=== Section Start ===

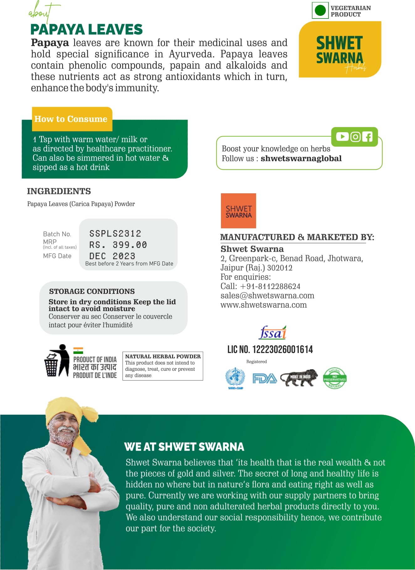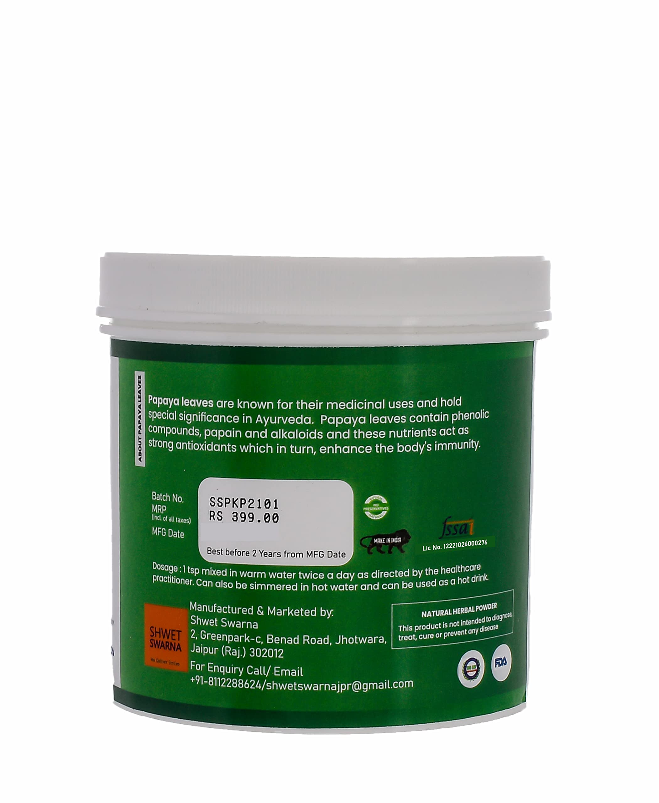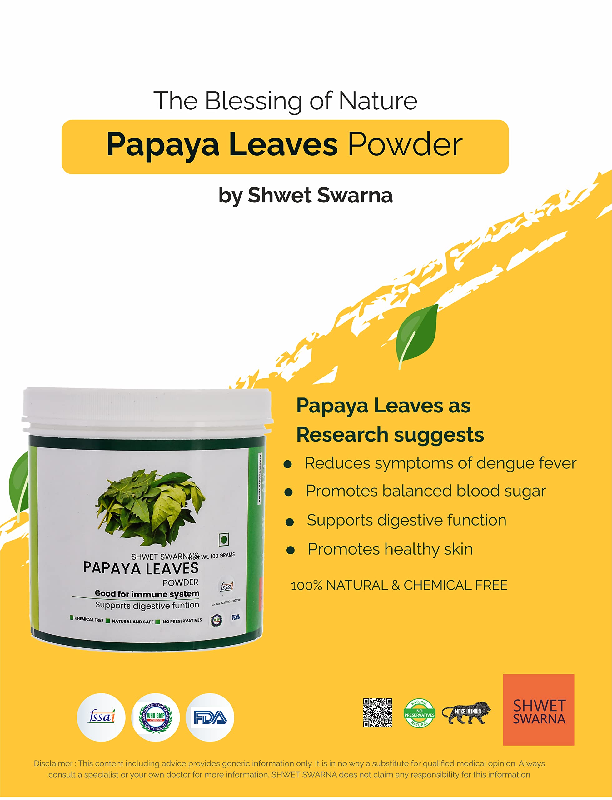 Shwet Swarna's 100% Natural & PAPAYA LEAVES (Carica Papaya) Powder | Papita Boppayi Leaf | 100 Grams Powder.
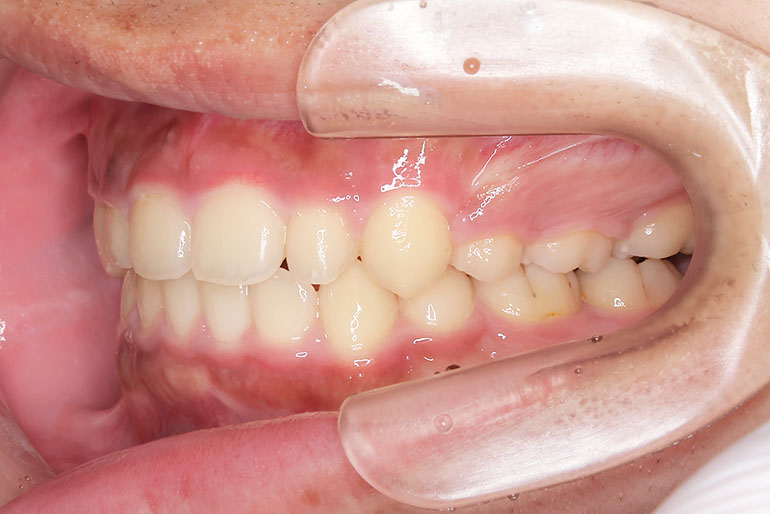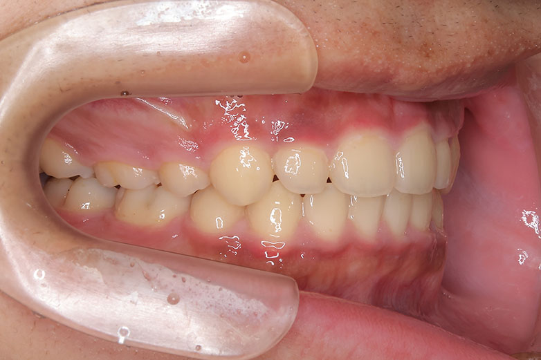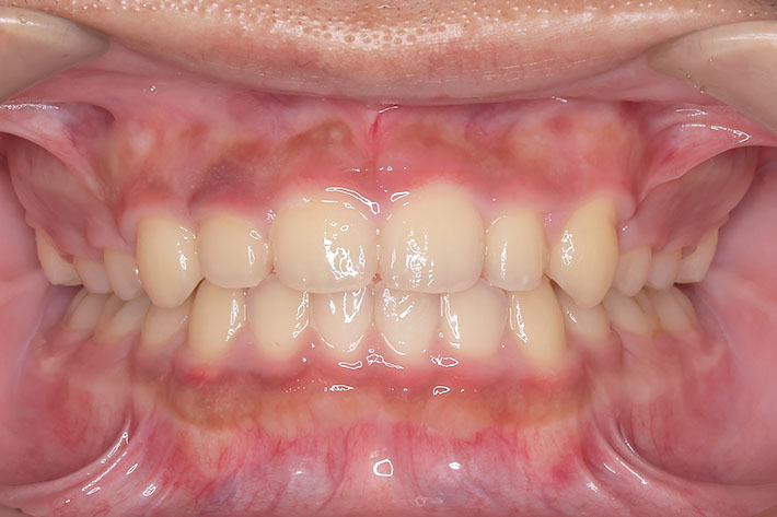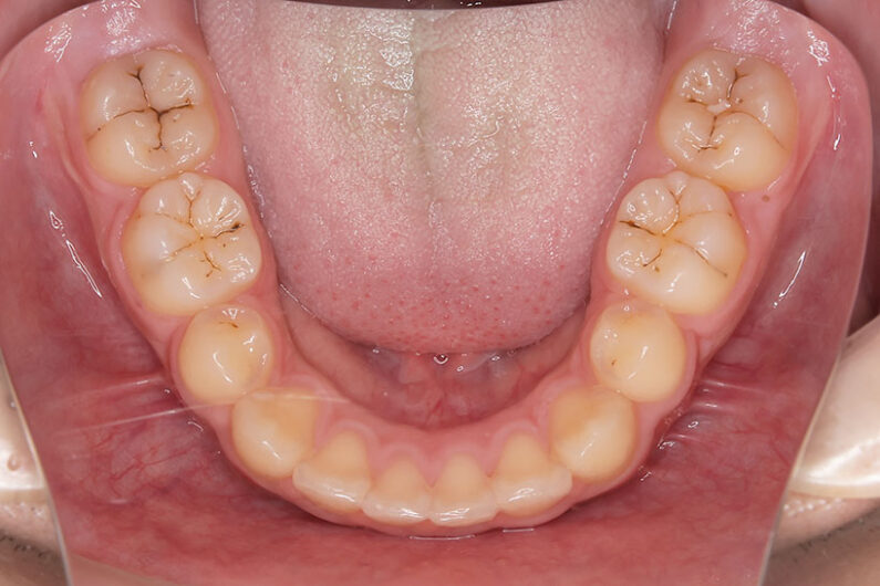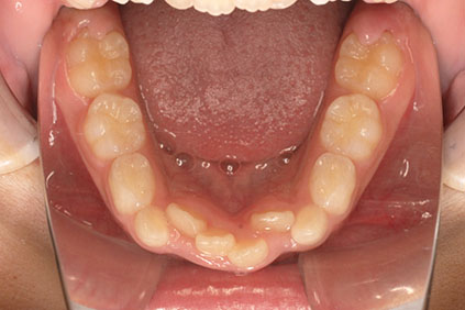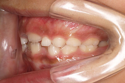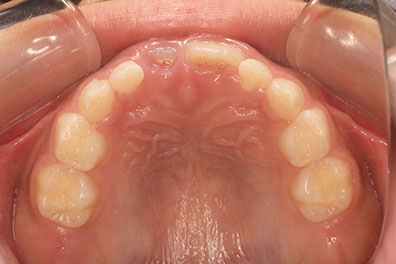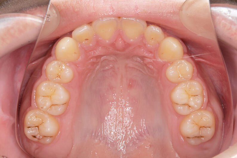 右上の前歯が生えてこない事を気にされ来院されました。 レントゲン写真から、上顎正中に過剰歯が埋伏していることが原因でしたので、抜歯して経過観察。 遅れて、無事に生えてきました。 もし、自然に生えてこない場合は、開窓して、引っぱり出します。(廷出) 状態により、引っぱり出せない場合もあります。 将来的にスペース不足により、上下顎前臼歯部に重度の叢生(がたつき)が予測できますので、がたつきを減らすために、小児矯正で側方拡大を行いました。 小児矯正で側方拡大を行ってもスペースが足りない場合(著しくスペース不足の場合)は、がたつき(叢生、八重歯)が残ります。 残ったがたつき(叢生)は、本格矯正ですべて生え変わった中学生から治せば問題ありません。 来院間隔が平均で1.5カ月でしたので半年ほど治療期間が長いです。
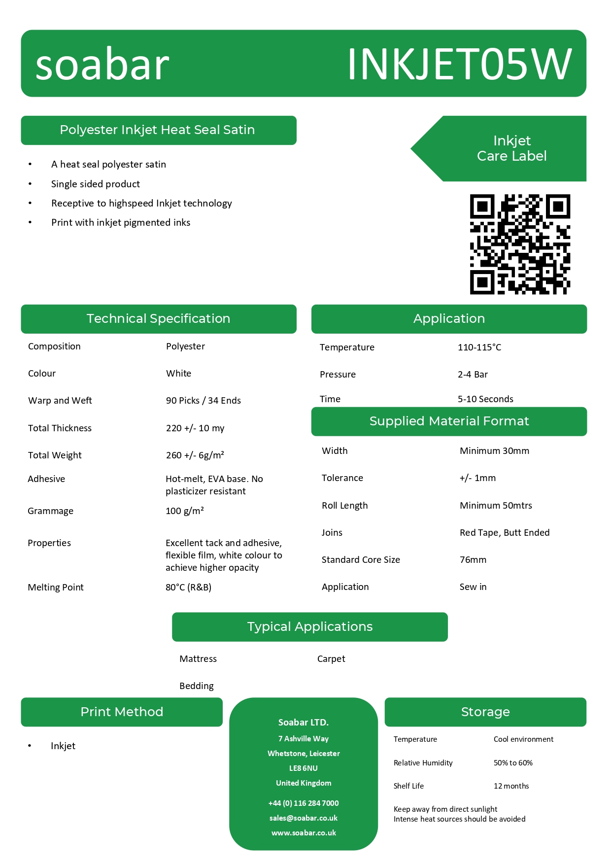 Our INKJET05W material is a polyester satin taffeta with an inkjet receptive coating for use with pigment based inkjet printer such as our 4 colour pigment printer, well suited to producing your own care labels on demand.
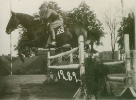 81. MŁJ-XVI 1518/00/011 skoki przez przeszkody, zawody konne, konkursy hipiczne , por. Kazimierz Nieniewski - uczestnik IX KIJK ...
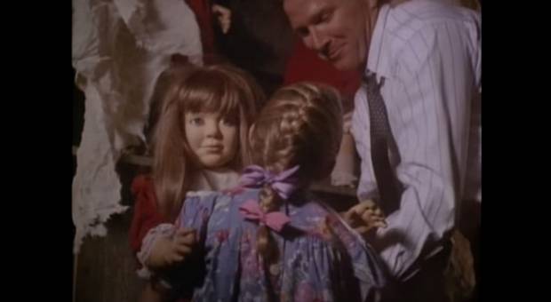 After being given a doll from the factory, their young daughter begins acting strangely. Her mother Marylin (Denise Crosby; Pet Sematary) has caught her talking to “Dolly” frequently, she draws violent depictions of animals, hisses at priests and rosaries, and speaks in the ancient Sanzian language to their devout housekeeper.
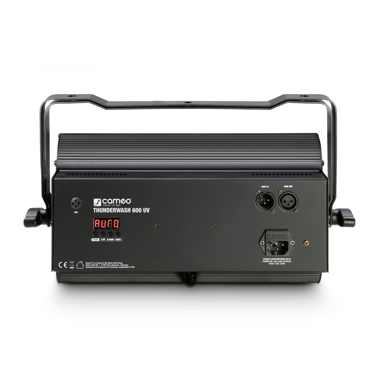 A menü navigációja és konfigurációja gyerekjáték a világos LED kijelzőnek köszönhetően, amelyen mód, enter, fel és le gombok is találhatók. A Thunder Wash 600 UV tartós, teljesen fémből készült házban, 3 tűs DMX és IEC tápcsatlakozókkal, valamint univerzális rögzítőkonzollal rendelkezik.
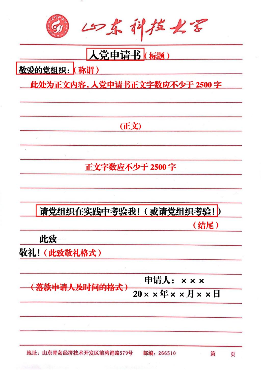 3.正文。主要内容包括以下方面:①为什么要入党,主要写自己对党的认识和入党动机。②个人在政治信念、成长经历和思想、学习、工作等方面的主要表现情况。③对待入党的态度和决心,今后努力方向以及如何以实际行动争取入党。正文一般不少于2500字。
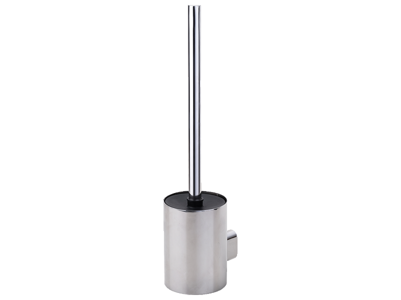 Pot balai mural inox poli brillant + brosse compacte noire.
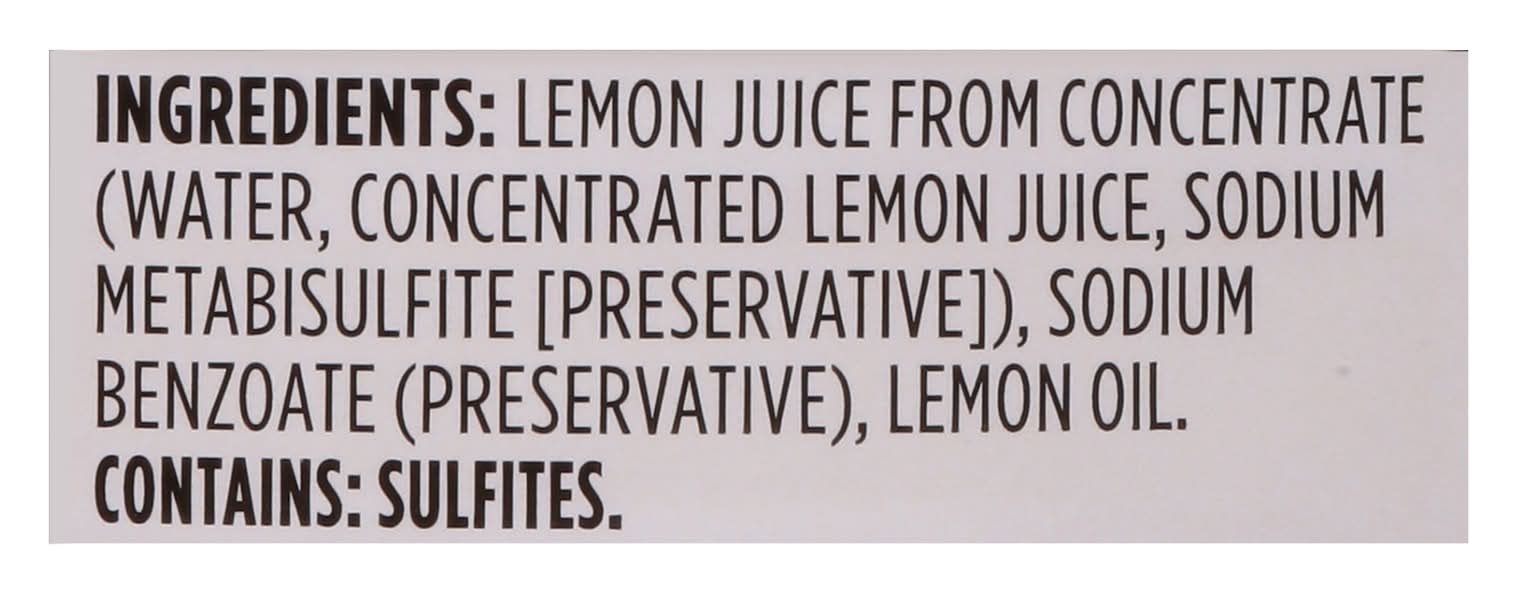 Lemon Juice from Concentrate (Water, Concentrated Lemon Juice, Sodium Metabisulfite [Preservative]), Sodium Benzoate (Preservative), Lemon Oil Contains: Sulfites
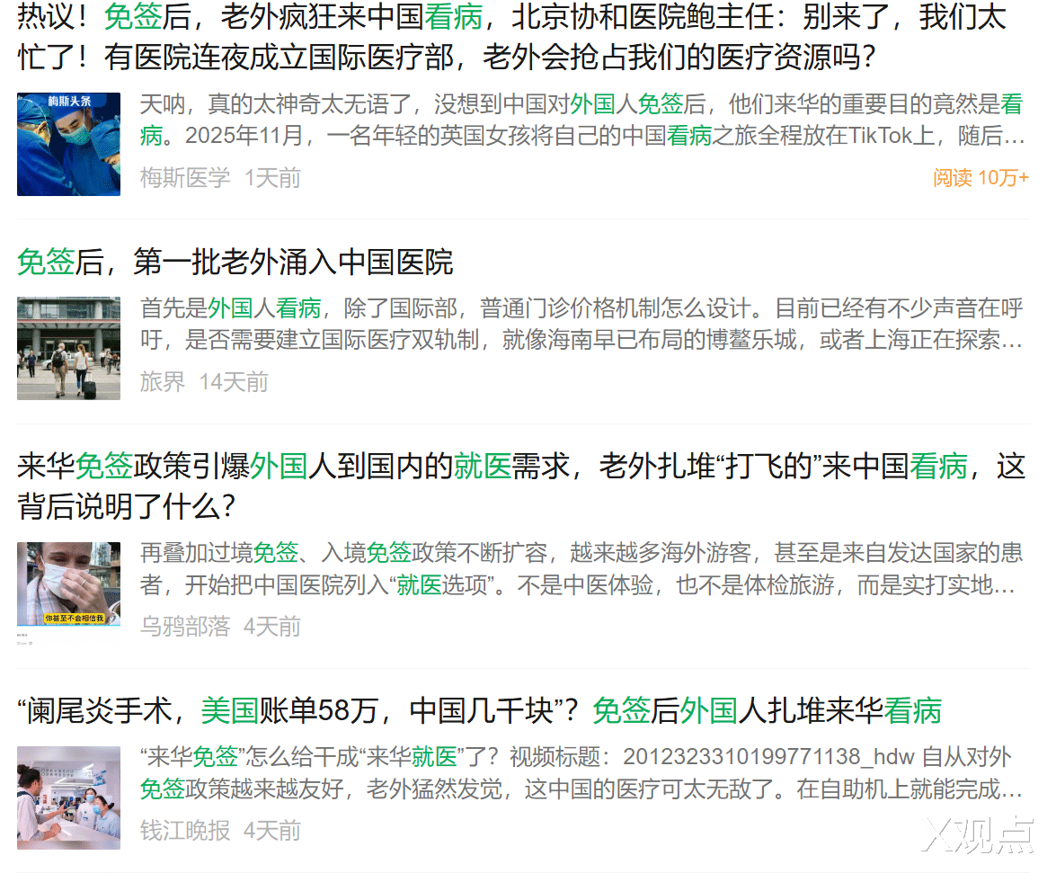 最近,你的朋友圈和短视频平台是不是被这样的内容刷屏了?“来华免签变成来华就医了!老外打飞的来中国看病,被我们的医疗效率惊
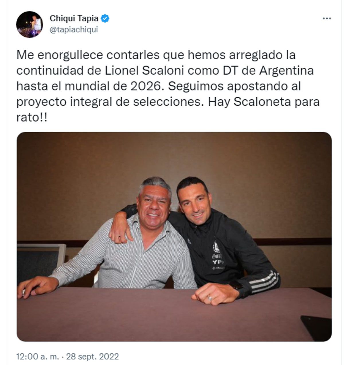 Ese anuncio lo realizó el propio Chiqui Tapia el pasado 28 de septiembre, en la previa del Mundial de Qatar, diciendo: "Hemos arreglado la continuidad de Lionel Scaloni hasta el Mundial de 2026. Hay Scaloneta para rato".

=== Section End ===

### Problem to solve
Give the records above again in full and exactly, but exclude every picture.

### Task response
 Shwet Swarna's 100% Natural & PAPAYA LEAVES (Carica Papaya) Powder | Papita Boppayi Leaf | 100 Grams Powder.
 右上の前歯が生えてこない事を気にされ来院されました。 レントゲン写真から、上顎正中に過剰歯が埋伏していることが原因でしたので、抜歯して経過観察。 遅れて、無事に生えてきました。 もし、自然に生えてこない場合は、開窓して、引っぱり出します。(廷出) 状態により、引っぱり出せない場合もあります。 将来的にスペース不足により、上下顎前臼歯部に重度の叢生(がたつき)が予測できますので、がたつきを減らすために、小児矯正で側方拡大を行いました。 小児矯正で側方拡大を行ってもスペースが足りない場合(著しくスペース不足の場合)は、がたつき(叢生、八重歯)が残ります。 残ったがたつき(叢生)は、本格矯正ですべて生え変わった中学生から治せば問題ありません。 来院間隔が平均で1.5カ月でしたので半年ほど治療期間が長いです。
 Our INKJET05W material is a polyester satin taffeta with an inkjet receptive coating for use with pigment based inkjet printer such as our 4 colour pigment printer, well suited to producing your own care labels on demand.
 81. MŁJ-XVI 1518/00/011 skoki przez przeszkody, zawody konne, konkursy hipiczne , por. Kazimierz Nieniewski - uczestnik IX KIJK ...
 After being given a doll from the factory, their young daughter begins acting strangely. Her mother Marylin (Denise Crosby; Pet Sematary) has caught her talking to “Dolly” frequently, she draws violent depictions of animals, hisses at priests and rosaries, and speaks in the ancient Sanzian language to their devout housekeeper.
 A menü navigációja és konfigurációja gyerekjáték a világos LED kijelzőnek köszönhetően, amelyen mód, enter, fel és le gombok is találhatók. A Thunder Wash 600 UV tartós, teljesen fémből készült házban, 3 tűs DMX és IEC tápcsatlakozókkal, valamint univerzális rögzítőkonzollal rendelkezik.
 3.正文。主要内容包括以下方面:①为什么要入党,主要写自己对党的认识和入党动机。②个人在政治信念、成长经历和思想、学习、工作等方面的主要表现情况。③对待入党的态度和决心,今后努力方向以及如何以实际行动争取入党。正文一般不少于2500字。
 Pot balai mural inox poli brillant + brosse compacte noire.
 Lemon Juice from Concentrate (Water, Concentrated Lemon Juice, Sodium Metabisulfite [Preservative]), Sodium Benzoate (Preservative), Lemon Oil Contains: Sulfites
 最近,你的朋友圈和短视频平台是不是被这样的内容刷屏了?“来华免签变成来华就医了!老外打飞的来中国看病,被我们的医疗效率惊
 Ese anuncio lo realizó el propio Chiqui Tapia el pasado 28 de septiembre, en la previa del Mundial de Qatar, diciendo: "Hemos arreglado la continuidad de Lionel Scaloni hasta el Mundial de 2026. Hay Scaloneta para rato".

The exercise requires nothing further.